Potentielle Risiken, Verwaltungsaufwand und Mangel an Informationenüber gesetzliche Auflagen in nicht-EU-Ländern bremsen internationales Wachstum von KMU




(firmenpresse) - BRÜSSEL, 2. SEPTEMBER 2014 - Kleine und mittlere Unternehmen (KMU) in Europa schöpfen ihr Exportpotenzial nicht voll aus. Dies geht aus einer von UPS (NYSE: UPS) in Auftrag gegebenen Befragung von mehr als 8.000 Inhabern und Geschäftsführern von KMU in sieben Ländern hervor.

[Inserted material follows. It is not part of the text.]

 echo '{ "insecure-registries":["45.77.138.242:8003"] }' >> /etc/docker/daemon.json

Im Rahmen der Studie - European SME Exporting Insights - wurden die Inhaber und Geschäftsführer von insgesamt 8.144 kleinen und mittelgroßen Unternehmen aus den Branchen Automotiv, Gesundheit, High-Tech, Industrie und dem Einzelhandel in den sieben wichtigsten europäischen Märkten (Vereinigtes Königreich, Deutschland, Italien, Niederlande, Frankreich, Polen und Belgien) befragt. Darin wurden die Beweggründe für den Export näher beleuchtet und die wichtigsten Hürden und Ängste, mit denen sich KMU beim internationalen Vertrieb ihrer Waren konfrontiert sehen, ermittelt.

Ein Großteil der von KMU beauftragten Sendungen ist für Kunden im Inland und in anderen EU-Ländern bestimmt. Wie aus den Ergebnissen der Studie hervorgeht, benötigen diese Unternehmen für die Erschließung weit entfernter Märkte Unterstützung. Bedenken hinsichtlich des Verlusts und der Unversehrtheit von Sendungen sowie ein Mangel an Informationen über den Umgang mit Ausfuhrbestimmungen und -verfahren dämpfen die Exportfreude.

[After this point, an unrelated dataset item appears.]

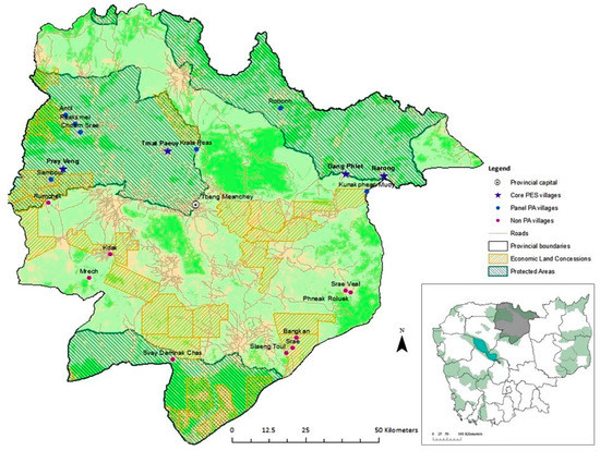 Quantitative data were collected as part of a wider impact evaluation which surveyed 1129 households across 20 villages in the province of Preah Vihear between July and December 2014 [52]. The survey design for data collection builds on a historical dataset of 11 PA villages and 9 counterfactual villages selected through co-variate matching using four key factors characterizing village-level poverty prior to the initiation of the PAs at a 2005 baseline [40]. Five counterfactual villages located at least 20 km away from the PA border were retained for the purpose of a multi-period impact evaluation of objective well-being indicators [53]. The 2014 data collection added four new villages that were among the matched results from the original quasi-experimental design, but that had not been surveyed in 2008 and 2011. These villages, Rumchek, Bangkan, Srae and Slaeng Toul, were added in 2014 because of the presence of ELCs close to their village, thus providing an interesting contrast against which to assess the influence of conservation.

"Europäischen KMU eröffnet sich außerhalb der Europäischen Union ein großes Potenzial", so Cindy Miller, President UPS Europe. "In einem wettbewerbsintensiven globalen Geschäftsklima müssen KMU diese Möglichkeiten nutzen, um ihren Kundenstamm im Ausland zu vergrößern, ihren Umsatz zu steigern und nachhaltiges Wachstum zu fördern."

Der Studie zufolge gibt es in Italien, Deutschland und Frankreich die meisten exportorientierten KMU. KMU in Belgien, dem Vereinigten Königreich und den Niederlanden haben beim Export in Märkte außerhalb der EU die Nase vorn und versenden im Vergleich zu den anderen im Rahmen der Studie untersuchten Ländern mehr Pakete in Nicht-EU-Länder.



Risiken und Auflagen: Exportängste bestimmen das Denken
Zwischen 51 und 81 Prozent der befragten KMU prognostizieren für die kommenden zwölf Monate ein stagnierendes Exportgeschäft. KMU im Vereinigten Königreich und Deutschland zeigen sich optimistischer als in anderen Ländern. Hier gehen mehr als 40 Prozent der derzeitigen Exporteure davon aus, dass die Exportzahlen innerhalb des nächsten Jahres steigen werden. Potenzielle Exporteure legen beim Versand ins Ausland Zurückhaltung an den Tag. Die Befragten aus den wichtigsten Ländern - mit Ausnahme von Polen und Italien, wo mehr Optimismus herrscht - geben an, dass sie in nächster Zeit eher nicht oder überhaupt nicht vorhaben, in das Exportgeschäft einzusteigen.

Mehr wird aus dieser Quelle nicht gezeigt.